Assignment: What needs reproducing is the run of lines in the data below starting at the line with "kamenické práce. |" and ending at the line with "This document discusses", both ends included. Copy it exactly, without pictures, and add nothing.

Dataset records:
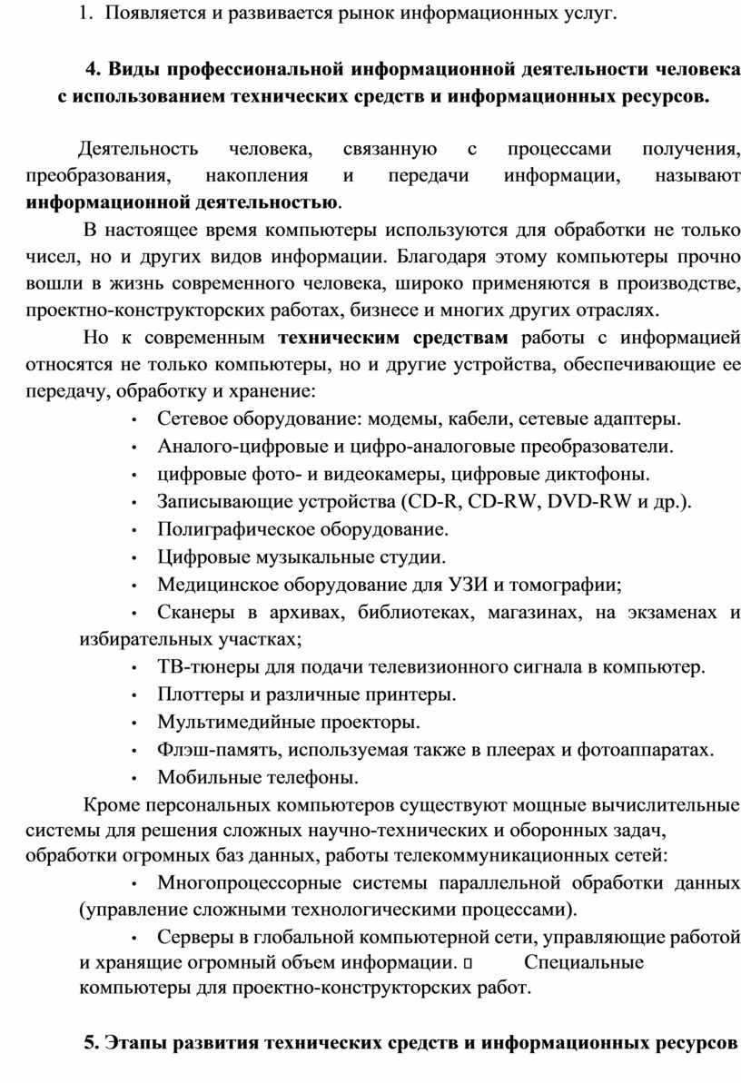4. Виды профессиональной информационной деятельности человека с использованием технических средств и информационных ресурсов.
...
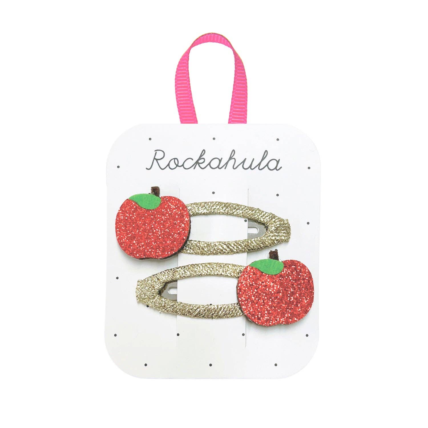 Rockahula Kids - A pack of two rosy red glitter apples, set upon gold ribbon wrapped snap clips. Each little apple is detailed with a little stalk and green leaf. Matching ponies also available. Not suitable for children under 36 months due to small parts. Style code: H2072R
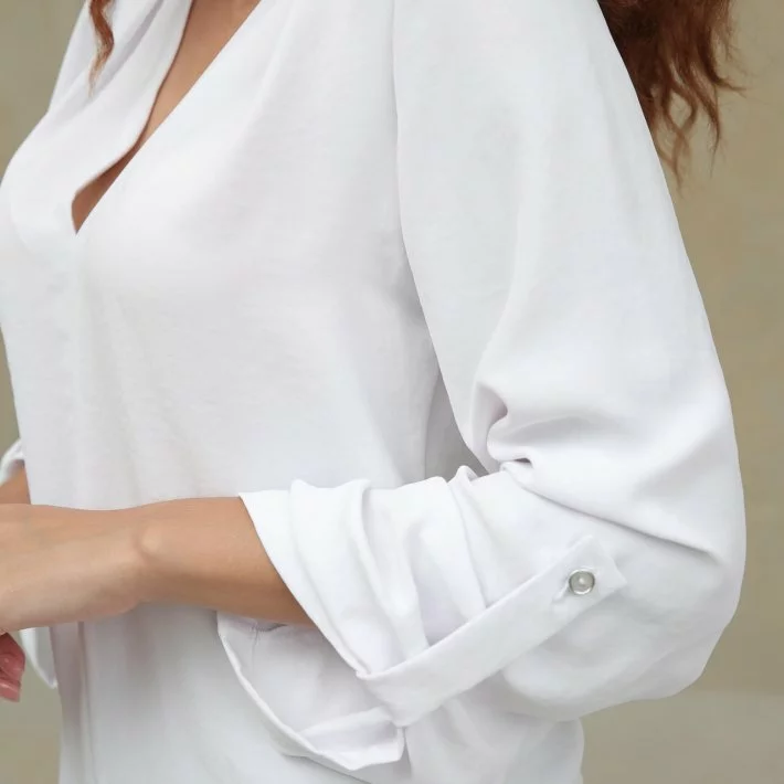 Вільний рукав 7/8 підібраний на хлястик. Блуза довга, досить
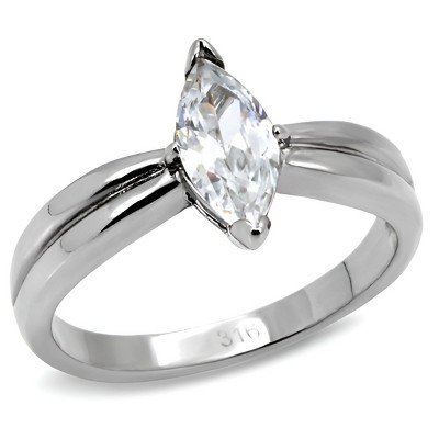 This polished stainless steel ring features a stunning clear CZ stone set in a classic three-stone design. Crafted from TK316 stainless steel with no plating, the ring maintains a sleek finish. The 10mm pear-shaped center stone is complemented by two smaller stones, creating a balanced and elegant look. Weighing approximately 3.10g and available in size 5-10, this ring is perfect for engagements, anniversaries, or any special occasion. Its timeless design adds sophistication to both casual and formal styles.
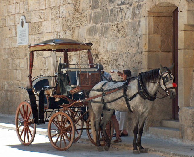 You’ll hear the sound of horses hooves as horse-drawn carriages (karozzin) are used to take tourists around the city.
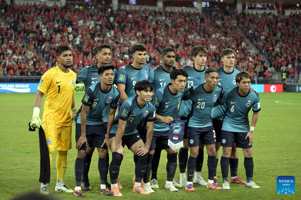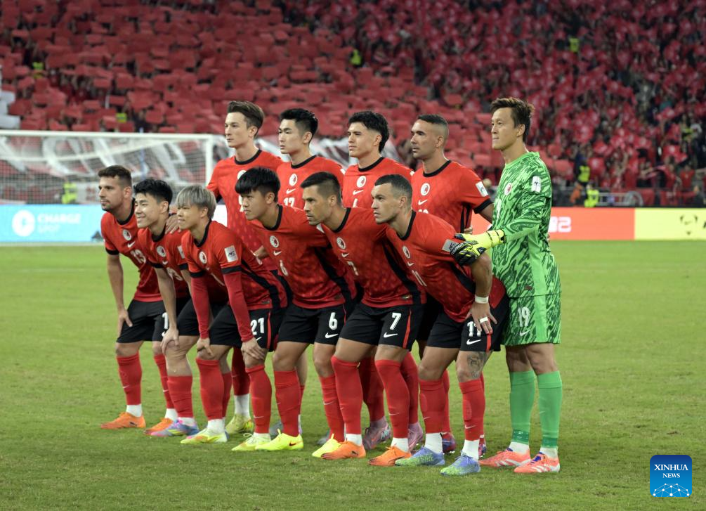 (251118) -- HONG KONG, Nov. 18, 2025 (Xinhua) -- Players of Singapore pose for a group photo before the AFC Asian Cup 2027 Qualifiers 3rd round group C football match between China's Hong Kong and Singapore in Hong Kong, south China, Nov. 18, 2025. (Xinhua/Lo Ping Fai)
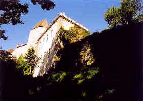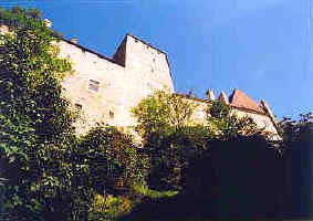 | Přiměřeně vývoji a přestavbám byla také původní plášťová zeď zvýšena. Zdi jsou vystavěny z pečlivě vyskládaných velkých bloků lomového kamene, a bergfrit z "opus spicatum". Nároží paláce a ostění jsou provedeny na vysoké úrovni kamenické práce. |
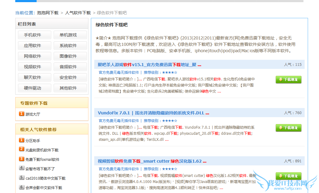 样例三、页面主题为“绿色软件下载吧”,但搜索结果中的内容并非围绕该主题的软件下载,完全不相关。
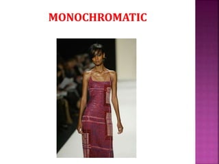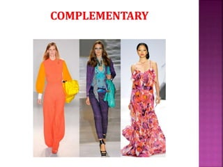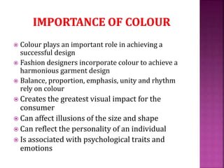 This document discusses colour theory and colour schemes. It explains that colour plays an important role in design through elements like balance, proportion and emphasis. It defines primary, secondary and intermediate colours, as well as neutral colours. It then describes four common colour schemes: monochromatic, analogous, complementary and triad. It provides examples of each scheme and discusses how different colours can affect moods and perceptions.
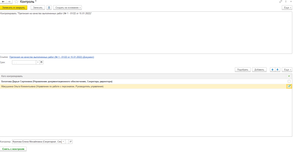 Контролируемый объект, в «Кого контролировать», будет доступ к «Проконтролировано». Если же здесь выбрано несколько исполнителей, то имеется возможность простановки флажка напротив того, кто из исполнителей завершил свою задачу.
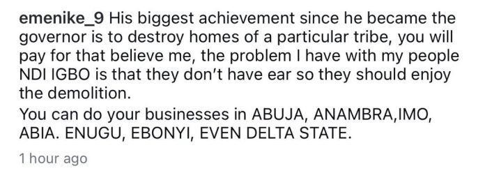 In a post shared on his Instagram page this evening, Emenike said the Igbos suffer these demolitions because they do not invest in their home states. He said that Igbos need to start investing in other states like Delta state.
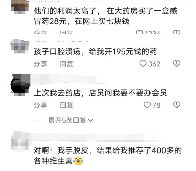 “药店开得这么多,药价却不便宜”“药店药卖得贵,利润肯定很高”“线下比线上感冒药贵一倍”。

Response to this exercise:
 | Přiměřeně vývoji a přestavbám byla také původní plášťová zeď zvýšena. Zdi jsou vystavěny z pečlivě vyskládaných velkých bloků lomového kamene, a bergfrit z "opus spicatum". Nároží paláce a ostění jsou provedeny na vysoké úrovni kamenické práce. |
 样例三、页面主题为“绿色软件下载吧”,但搜索结果中的内容并非围绕该主题的软件下载,完全不相关。
 This document discusses colour theory and colour schemes. It explains that colour plays an important role in design through elements like balance, proportion and emphasis. It defines primary, secondary and intermediate colours, as well as neutral colours. It then describes four common colour schemes: monochromatic, analogous, complementary and triad. It provides examples of each scheme and discusses how different colours can affect moods and perceptions.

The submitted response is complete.